Mercy Ministry in the Church

Over the last few years, 9Marks has offered occasional warnings about mission creep in the local church. We believe the local church exists to make disciples and to teach them to do everything that the Lord Jesus commanded. Therefore, the local church, its pastors, its public gatherings, and any joint institutional resources belonging to the body should be dedicated to equipping the membership for works of ministry through teaching the truth in love. Acts of mercy are surely essential for God’s people, but for the institutional church, teaching is essential in a way that organized and structured mercy-ministry programs are not.
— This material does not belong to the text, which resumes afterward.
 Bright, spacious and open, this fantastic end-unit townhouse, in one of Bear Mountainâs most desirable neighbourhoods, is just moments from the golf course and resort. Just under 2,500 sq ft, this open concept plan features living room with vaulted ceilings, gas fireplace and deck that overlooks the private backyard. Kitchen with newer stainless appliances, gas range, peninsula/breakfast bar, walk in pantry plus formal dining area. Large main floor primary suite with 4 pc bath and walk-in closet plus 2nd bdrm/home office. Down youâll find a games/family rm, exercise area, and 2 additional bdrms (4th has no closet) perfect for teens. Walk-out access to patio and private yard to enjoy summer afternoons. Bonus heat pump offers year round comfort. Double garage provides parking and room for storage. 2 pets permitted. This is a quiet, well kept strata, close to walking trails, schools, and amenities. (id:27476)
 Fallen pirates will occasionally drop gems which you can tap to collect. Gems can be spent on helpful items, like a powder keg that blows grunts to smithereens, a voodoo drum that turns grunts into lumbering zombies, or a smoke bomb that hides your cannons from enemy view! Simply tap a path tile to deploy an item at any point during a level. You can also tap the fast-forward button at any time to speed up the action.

Teaching is the water that gives life to all Christian activity inside and outside of church building doors.

But like every kindergarten teacher knows, sometimes the line is thin between teaching a kid to build a popsicle-stick house and being willing to get glue on your fingers and to build it with her. It just may be that, from time to time, even often, the local institutional church will best fulfill its Matthew-28 and Ephesians-4 mission by getting glue on its fingers. This not only teaches the saints what it means to be a Christian, it also provides a natural vehicle for organizing and facilitating their new-found love to do mercy ministry. 

Bottom line: the local church, institutionally speaking, is called to teach. That is its job. Lose that, you lose everything. But that institution is made up of human beings who must go and do. And where institutional resources (staff time, budget monies, etc.) are available for something more than teaching, they might be wisely and wonderfully stewarded in helping church members to pursue the good deeds that Jesus commands them to do.
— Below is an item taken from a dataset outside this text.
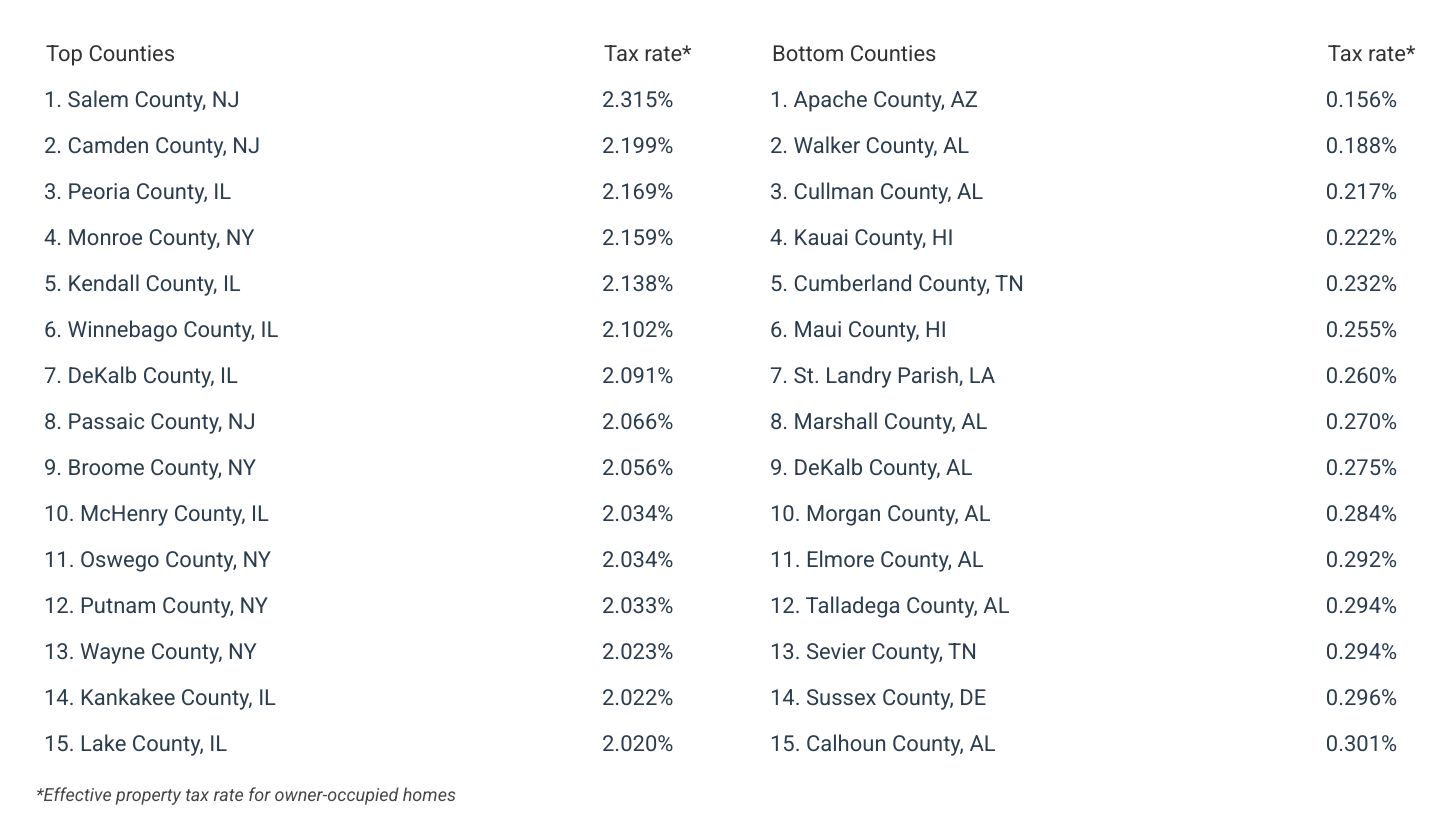 Drilling down to the county level, disparities are even more pronounced. Salem County, NJ has the highest effective tax rate in the country at 2.315%, followed by Camden County, NJ, at 2.199%. Other counties in New Jersey, as well as Illinois and New York dominate the top of the list. In fact, each of the 41 counties with the highest effective property taxes tracked in this analysis are located in one of those three states. Conversely, Apache County, AZ, boasts the lowest rate at 0.156%, with other counties in Alabama, Hawaii, and Tennessee rounding out the bottom tier.

For these reasons, 9Marks wants to offer constructive help for how local churches might pursue such organized mercy ministry. (Clarification: some Presbyterian traditions use the term “mercy ministry” to refer to a church’s internal diaconal care for the physical needs of its own members. We are using it more broadly here.) Jamie Dunlop gets the ball rolling by offering the best big picture model we can think of. We will not fully endorse any one philosophy and method as “the 9Marks way,” but Dunlop’s model strikes us as very sensible, at least for churches in the wealthy West.
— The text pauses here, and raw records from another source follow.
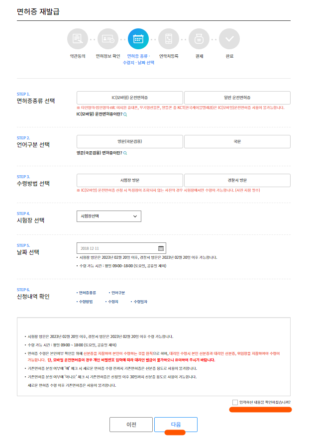 운전면허증 재발급을 위한 이용약관을 확인하신 뒤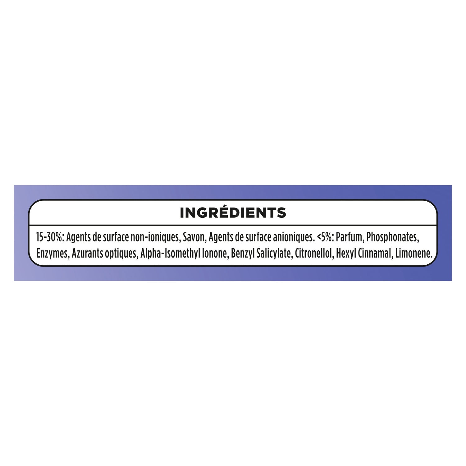 INGREDIENTS: 15-30%: Non-ionic Surfactants, Soap, Anionic Surfactants. <5%: Perfume, Phosphonates, Enzymes, Optical Brighteners, Alpha-Isomethyl Ionone, Benzyl Salicylate, Citronellol, Hexyl Cinnamal, Limonene.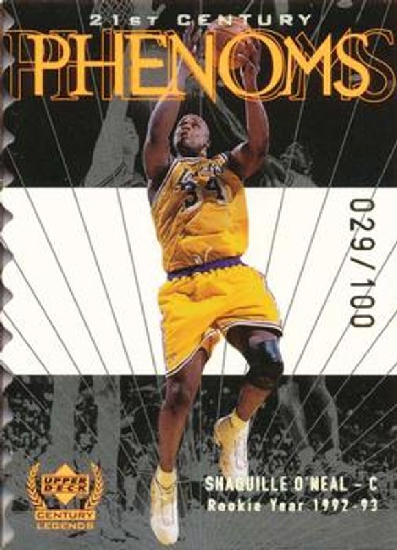 The Shaquille O'Neal 1998 Upper Deck Century Legends #66 Century Collection /100 card is 1 of 5 Shaquille O'Neal's card variations in the 1998 Upper Deck Century Legends set being tracked by Sports Card Investor, including #48 Base, #66 Base, #48 Century Collection /100, and #SO Jerseys of the Century /6.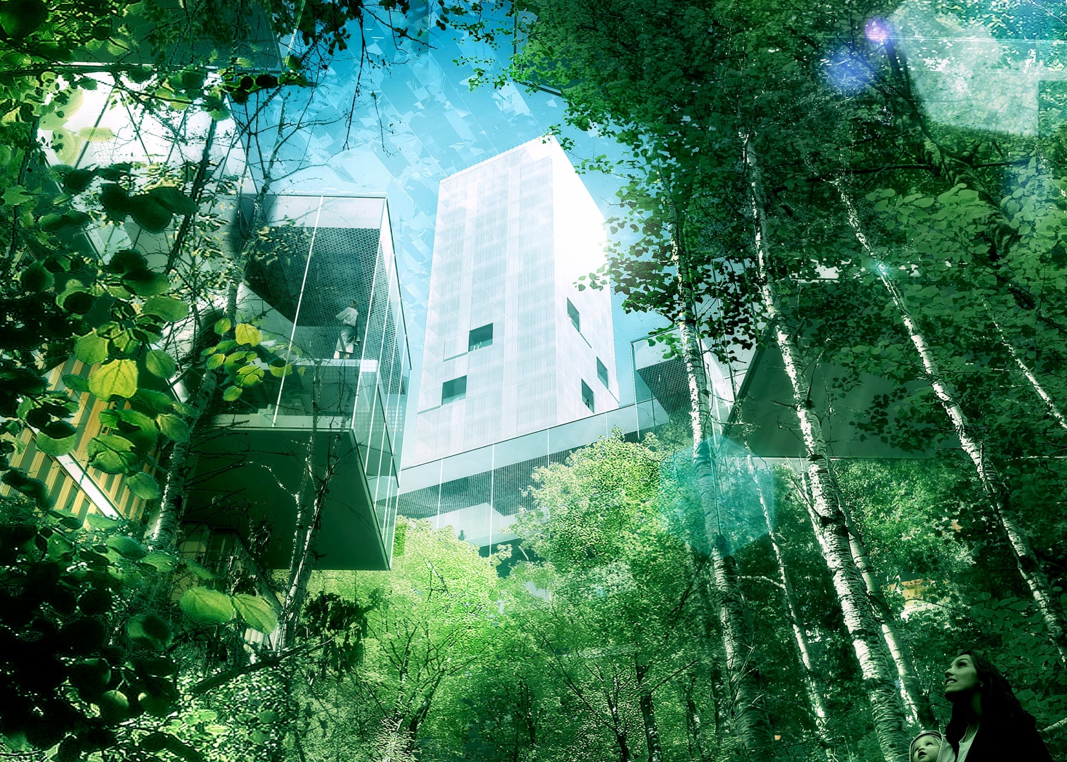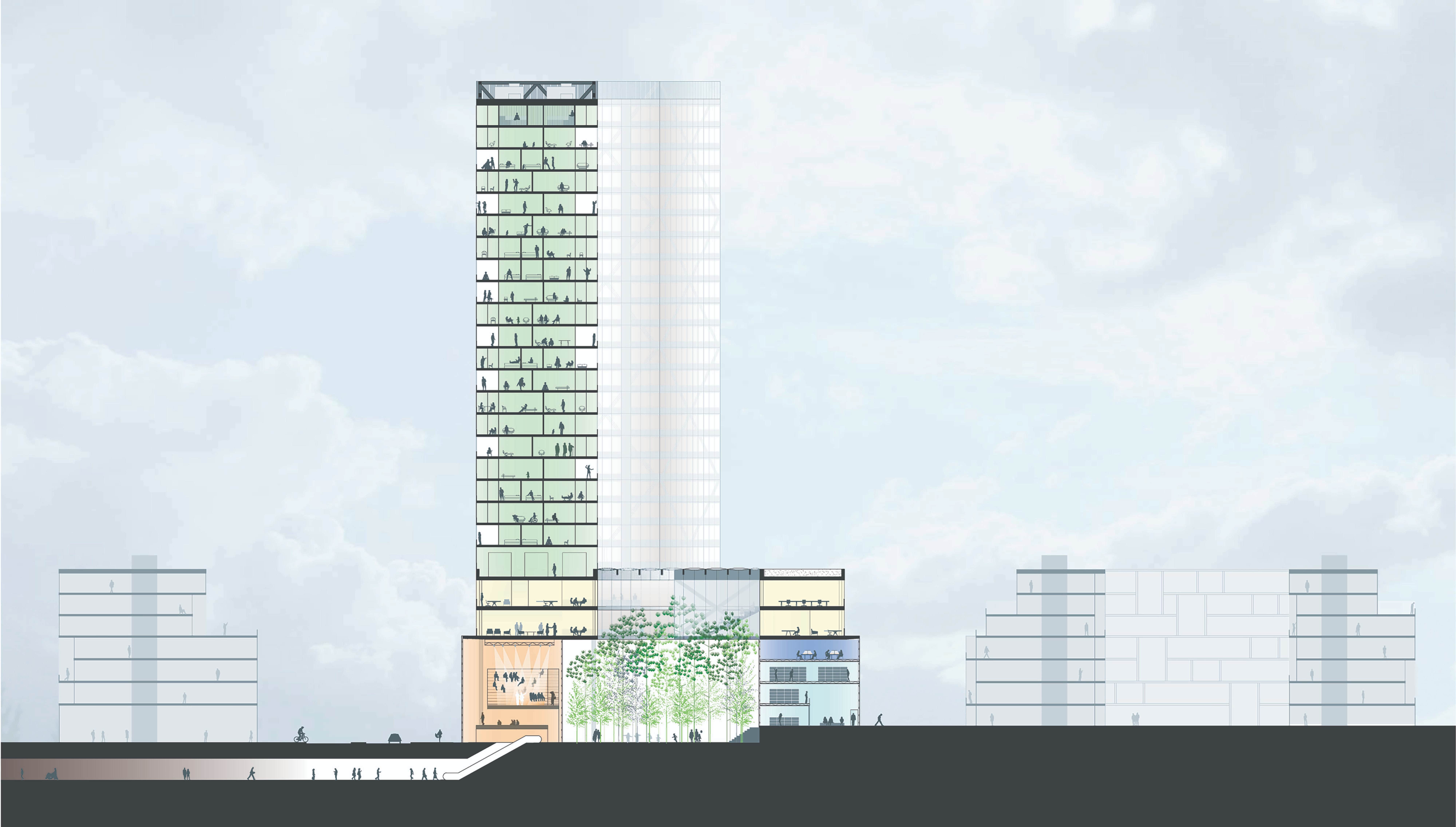 By concentrating 22,000 m² of program 14 meters above grade into two slender residential towers unified by a two story office ring …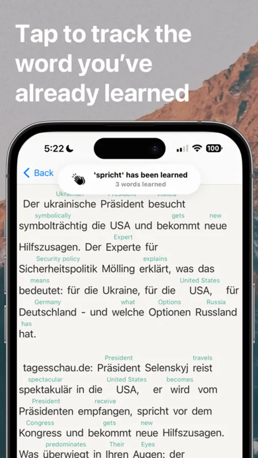- Tap on known words to hide translations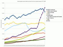 2 Emissions" (PDF). Proceedings of the National Academy of Sciences of the United States of America. 107 (12): 5687–5692. Bibcode:2010PNAS..107.5687D. doi:10.1073/pnas.0906974107. PMC 2851800. PMID 20212122. Retrieved 18 April 2011. - ^ "International Carbon Flows". Carbon Trust. May 2011. Retrieved 12 November 2012.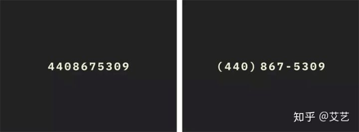 对电话号码的组块就是最典型的例子。组块前,电话号码只是一长串数字,理解和记忆的难度高,而组块后的电话号码就十分容易被理解和记忆。「满屏文本」 常常为用户带来困扰,组块可以合理区分标题,并恰当地处理句子和内容的长度,解决这一问题。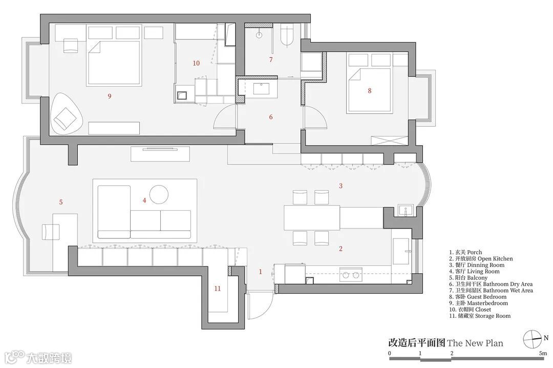 这是一套老房改造项目。原本布局比较密集,有着传统的封闭式厨房。改造后把厨房拆除,打通格局,形成餐厨一体式空间。南北贯通的格局不仅带来更好的自然光和空气的流通,更是成为业主二人主要的活动空间--聊天、看书、会有、进餐、做饭全都在这里展开。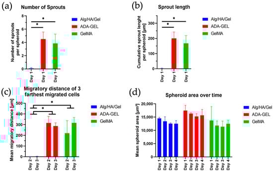 (a) Number of sprouts formed in the hydrogels on day 1, (b) Length of sprouts formed in the gels, (c) Migration distance of the three farthest migrated cells on days 2 and 3, (d) Spheroid area over days 1, 2, 3, and 4. Data represented as mean ± standard deviations. * p < 0.05.

Timothy Keller then takes a step back to provide an even bigger picture: do we really think preaching is primary? Yes. What role does that leave for anything else? Read Keller.

Mike McKinley rightly connects mercy ministry to evangelism, and Kevin DeYoung offers wise counsel on how to discriminate between one need and another. Resources are finite. Where should we spend them? 

John Lauber, Jamie Dunlop, and Layla Wilder offer practical advice on more specific matters like how to speak with the down and out. And then David Apple, J. D. Greear, and Justin Holcomb offer three striking examples of how churches have become involved in good work. All three will be the first to tell you that they have not done everything wisely, and not everything may be worth replicating (we learn as we go!). Still, you might find one or two elements to inspire you.